- YOUR OBJECTIVE -
Apart from the images, every record here needs to be copied exactly.

- DATA TO USE -
╔══
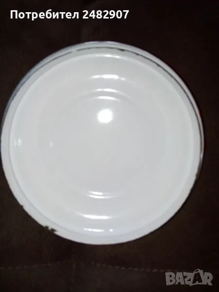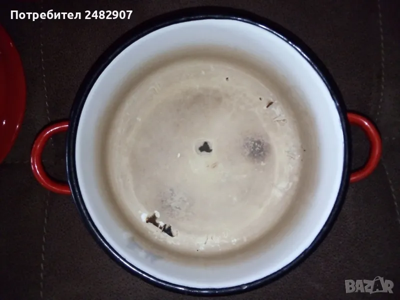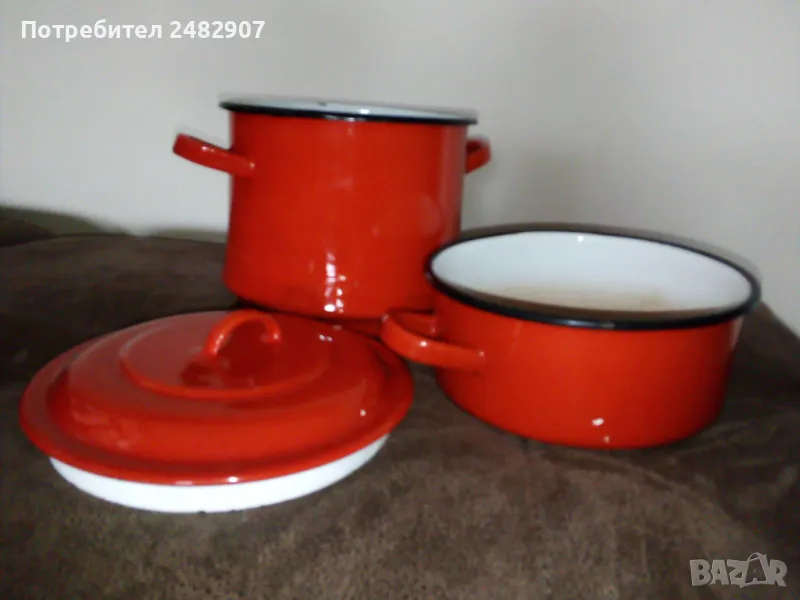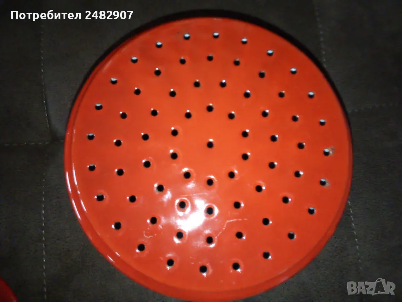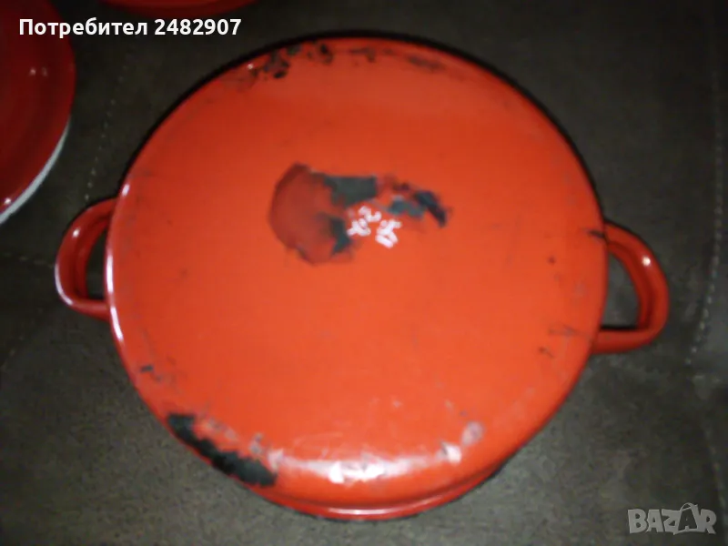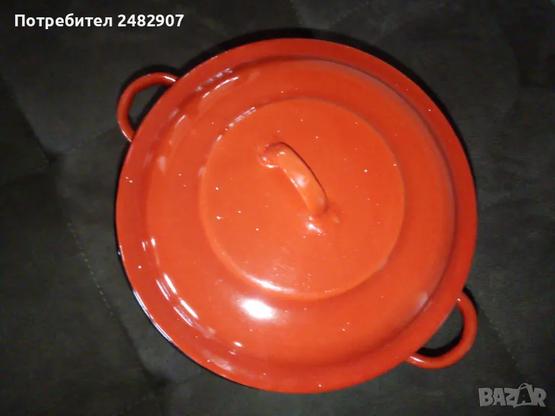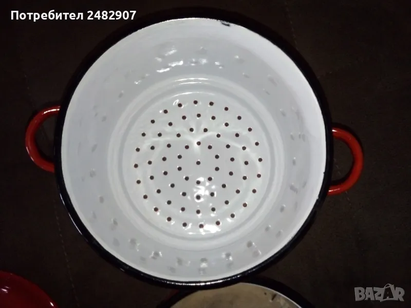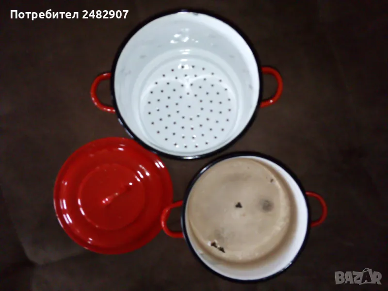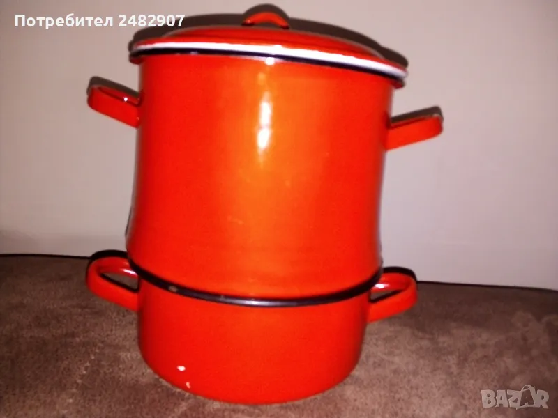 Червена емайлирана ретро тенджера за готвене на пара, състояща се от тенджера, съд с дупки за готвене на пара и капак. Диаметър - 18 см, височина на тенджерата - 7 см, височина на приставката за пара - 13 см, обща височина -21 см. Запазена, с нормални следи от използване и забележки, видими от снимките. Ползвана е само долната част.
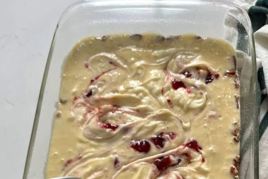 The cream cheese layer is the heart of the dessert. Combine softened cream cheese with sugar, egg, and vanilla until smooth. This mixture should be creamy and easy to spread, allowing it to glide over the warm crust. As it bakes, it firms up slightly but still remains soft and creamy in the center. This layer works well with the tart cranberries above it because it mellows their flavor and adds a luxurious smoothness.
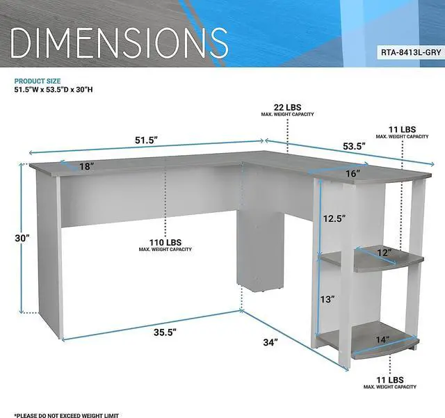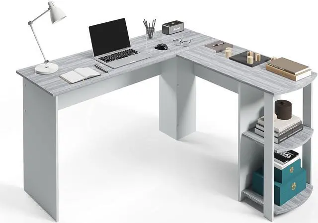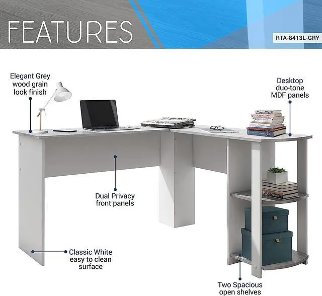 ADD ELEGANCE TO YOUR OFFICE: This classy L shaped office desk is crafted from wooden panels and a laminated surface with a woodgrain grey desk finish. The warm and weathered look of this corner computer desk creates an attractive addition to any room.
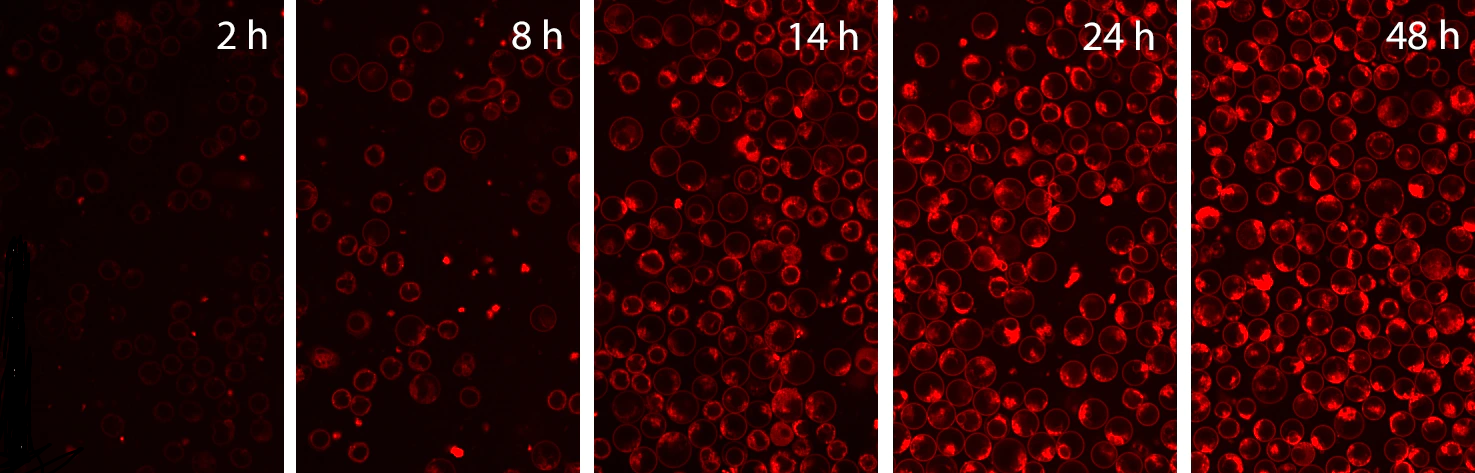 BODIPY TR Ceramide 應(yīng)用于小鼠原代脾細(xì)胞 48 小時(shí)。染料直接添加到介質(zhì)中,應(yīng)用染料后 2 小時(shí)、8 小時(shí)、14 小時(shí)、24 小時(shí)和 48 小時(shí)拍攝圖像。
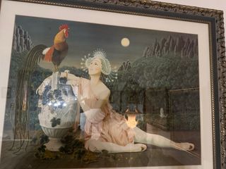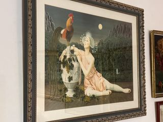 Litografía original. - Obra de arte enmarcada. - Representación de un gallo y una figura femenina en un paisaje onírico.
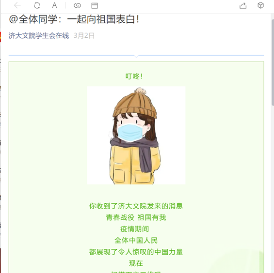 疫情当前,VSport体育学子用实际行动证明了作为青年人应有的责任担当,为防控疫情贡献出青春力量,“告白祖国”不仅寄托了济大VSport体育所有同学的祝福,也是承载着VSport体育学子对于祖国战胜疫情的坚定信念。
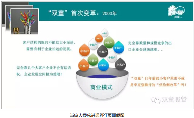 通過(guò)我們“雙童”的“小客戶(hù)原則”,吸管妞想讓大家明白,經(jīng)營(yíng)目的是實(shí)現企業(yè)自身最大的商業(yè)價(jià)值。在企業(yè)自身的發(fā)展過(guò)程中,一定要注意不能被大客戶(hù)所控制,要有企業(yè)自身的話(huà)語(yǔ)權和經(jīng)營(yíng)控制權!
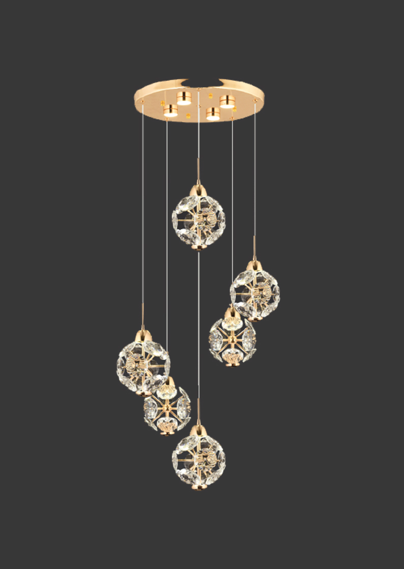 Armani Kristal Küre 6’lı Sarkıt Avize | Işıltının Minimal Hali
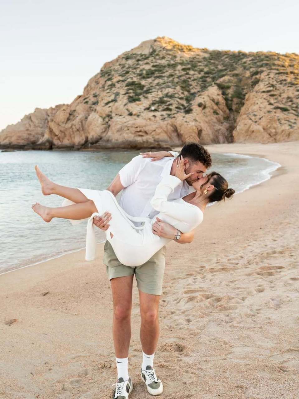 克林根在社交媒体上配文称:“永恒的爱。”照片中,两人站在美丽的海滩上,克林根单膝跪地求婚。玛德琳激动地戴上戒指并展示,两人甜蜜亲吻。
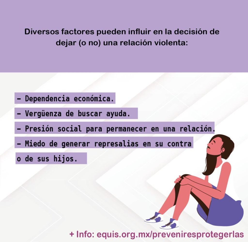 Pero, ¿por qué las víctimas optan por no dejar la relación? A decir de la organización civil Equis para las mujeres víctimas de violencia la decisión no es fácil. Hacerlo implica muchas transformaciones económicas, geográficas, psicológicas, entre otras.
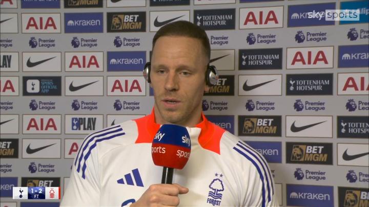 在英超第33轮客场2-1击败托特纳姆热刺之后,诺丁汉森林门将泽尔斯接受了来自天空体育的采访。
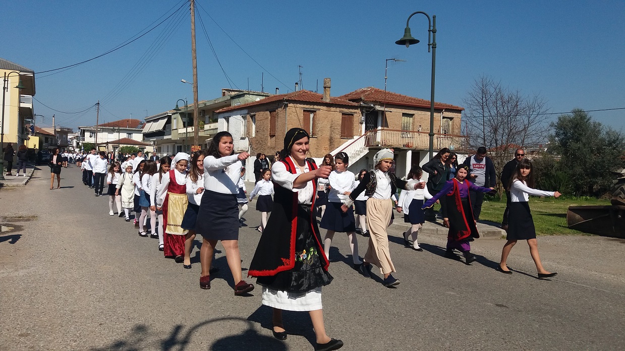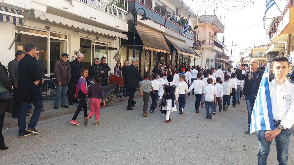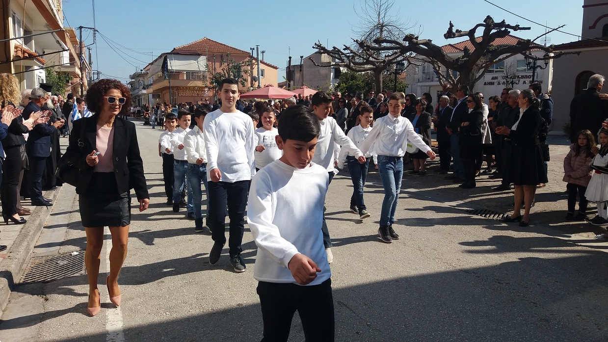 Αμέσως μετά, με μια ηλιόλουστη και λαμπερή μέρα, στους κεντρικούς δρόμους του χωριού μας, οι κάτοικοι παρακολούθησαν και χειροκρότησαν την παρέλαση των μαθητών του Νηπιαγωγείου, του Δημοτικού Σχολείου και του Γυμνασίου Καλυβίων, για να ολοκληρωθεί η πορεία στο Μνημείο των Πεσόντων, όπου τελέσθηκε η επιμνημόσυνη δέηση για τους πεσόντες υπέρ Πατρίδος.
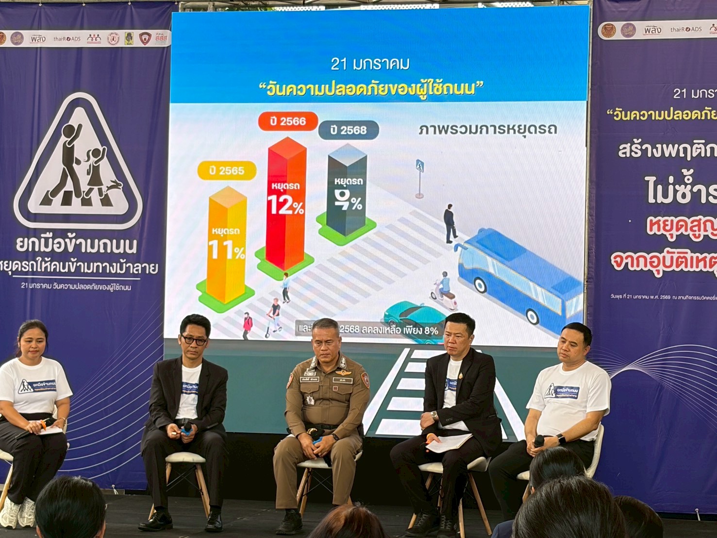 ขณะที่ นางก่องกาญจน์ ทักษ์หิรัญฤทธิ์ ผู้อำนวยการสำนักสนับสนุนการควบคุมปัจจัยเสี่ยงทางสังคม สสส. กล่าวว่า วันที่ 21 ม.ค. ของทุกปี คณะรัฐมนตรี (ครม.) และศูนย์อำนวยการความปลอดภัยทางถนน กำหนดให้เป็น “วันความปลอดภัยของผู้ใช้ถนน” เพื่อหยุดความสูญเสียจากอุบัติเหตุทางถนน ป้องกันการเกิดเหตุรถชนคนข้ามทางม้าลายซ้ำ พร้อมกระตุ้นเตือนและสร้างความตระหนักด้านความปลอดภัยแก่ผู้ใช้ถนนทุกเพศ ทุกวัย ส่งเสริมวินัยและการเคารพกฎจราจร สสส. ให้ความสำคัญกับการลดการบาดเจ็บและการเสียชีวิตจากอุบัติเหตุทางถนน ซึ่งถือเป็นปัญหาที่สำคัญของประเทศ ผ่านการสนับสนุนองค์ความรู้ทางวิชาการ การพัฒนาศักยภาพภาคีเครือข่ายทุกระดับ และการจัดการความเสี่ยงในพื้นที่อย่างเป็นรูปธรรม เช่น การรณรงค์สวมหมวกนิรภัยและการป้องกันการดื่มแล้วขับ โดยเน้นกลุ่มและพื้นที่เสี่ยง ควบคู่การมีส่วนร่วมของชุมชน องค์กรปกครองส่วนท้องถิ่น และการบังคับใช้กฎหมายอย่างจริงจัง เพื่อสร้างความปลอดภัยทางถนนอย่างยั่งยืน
╚══
- RESULT -
 Червена емайлирана ретро тенджера за готвене на пара, състояща се от тенджера, съд с дупки за готвене на пара и капак. Диаметър - 18 см, височина на тенджерата - 7 см, височина на приставката за пара - 13 см, обща височина -21 см. Запазена, с нормални следи от използване и забележки, видими от снимките. Ползвана е само долната част.
 The cream cheese layer is the heart of the dessert. Combine softened cream cheese with sugar, egg, and vanilla until smooth. This mixture should be creamy and easy to spread, allowing it to glide over the warm crust. As it bakes, it firms up slightly but still remains soft and creamy in the center. This layer works well with the tart cranberries above it because it mellows their flavor and adds a luxurious smoothness.
 ADD ELEGANCE TO YOUR OFFICE: This classy L shaped office desk is crafted from wooden panels and a laminated surface with a woodgrain grey desk finish. The warm and weathered look of this corner computer desk creates an attractive addition to any room.
 BODIPY TR Ceramide 應(yīng)用于小鼠原代脾細(xì)胞 48 小時(shí)。染料直接添加到介質(zhì)中,應(yīng)用染料后 2 小時(shí)、8 小時(shí)、14 小時(shí)、24 小時(shí)和 48 小時(shí)拍攝圖像。
 Litografía original. - Obra de arte enmarcada. - Representación de un gallo y una figura femenina en un paisaje onírico.
 疫情当前,VSport体育学子用实际行动证明了作为青年人应有的责任担当,为防控疫情贡献出青春力量,“告白祖国”不仅寄托了济大VSport体育所有同学的祝福,也是承载着VSport体育学子对于祖国战胜疫情的坚定信念。
 通過(guò)我們“雙童”的“小客戶(hù)原則”,吸管妞想讓大家明白,經(jīng)營(yíng)目的是實(shí)現企業(yè)自身最大的商業(yè)價(jià)值。在企業(yè)自身的發(fā)展過(guò)程中,一定要注意不能被大客戶(hù)所控制,要有企業(yè)自身的話(huà)語(yǔ)權和經(jīng)營(yíng)控制權!
 Armani Kristal Küre 6’lı Sarkıt Avize | Işıltının Minimal Hali
 克林根在社交媒体上配文称:“永恒的爱。”照片中,两人站在美丽的海滩上,克林根单膝跪地求婚。玛德琳激动地戴上戒指并展示,两人甜蜜亲吻。
 Pero, ¿por qué las víctimas optan por no dejar la relación? A decir de la organización civil Equis para las mujeres víctimas de violencia la decisión no es fácil. Hacerlo implica muchas transformaciones económicas, geográficas, psicológicas, entre otras.
 在英超第33轮客场2-1击败托特纳姆热刺之后,诺丁汉森林门将泽尔斯接受了来自天空体育的采访。
 Αμέσως μετά, με μια ηλιόλουστη και λαμπερή μέρα, στους κεντρικούς δρόμους του χωριού μας, οι κάτοικοι παρακολούθησαν και χειροκρότησαν την παρέλαση των μαθητών του Νηπιαγωγείου, του Δημοτικού Σχολείου και του Γυμνασίου Καλυβίων, για να ολοκληρωθεί η πορεία στο Μνημείο των Πεσόντων, όπου τελέσθηκε η επιμνημόσυνη δέηση για τους πεσόντες υπέρ Πατρίδος.
 ขณะที่ นางก่องกาญจน์ ทักษ์หิรัญฤทธิ์ ผู้อำนวยการสำนักสนับสนุนการควบคุมปัจจัยเสี่ยงทางสังคม สสส. กล่าวว่า วันที่ 21 ม.ค. ของทุกปี คณะรัฐมนตรี (ครม.) และศูนย์อำนวยการความปลอดภัยทางถนน กำหนดให้เป็น “วันความปลอดภัยของผู้ใช้ถนน” เพื่อหยุดความสูญเสียจากอุบัติเหตุทางถนน ป้องกันการเกิดเหตุรถชนคนข้ามทางม้าลายซ้ำ พร้อมกระตุ้นเตือนและสร้างความตระหนักด้านความปลอดภัยแก่ผู้ใช้ถนนทุกเพศ ทุกวัย ส่งเสริมวินัยและการเคารพกฎจราจร สสส. ให้ความสำคัญกับการลดการบาดเจ็บและการเสียชีวิตจากอุบัติเหตุทางถนน ซึ่งถือเป็นปัญหาที่สำคัญของประเทศ ผ่านการสนับสนุนองค์ความรู้ทางวิชาการ การพัฒนาศักยภาพภาคีเครือข่ายทุกระดับ และการจัดการความเสี่ยงในพื้นที่อย่างเป็นรูปธรรม เช่น การรณรงค์สวมหมวกนิรภัยและการป้องกันการดื่มแล้วขับ โดยเน้นกลุ่มและพื้นที่เสี่ยง ควบคู่การมีส่วนร่วมของชุมชน องค์กรปกครองส่วนท้องถิ่น และการบังคับใช้กฎหมายอย่างจริงจัง เพื่อสร้างความปลอดภัยทางถนนอย่างยั่งยืน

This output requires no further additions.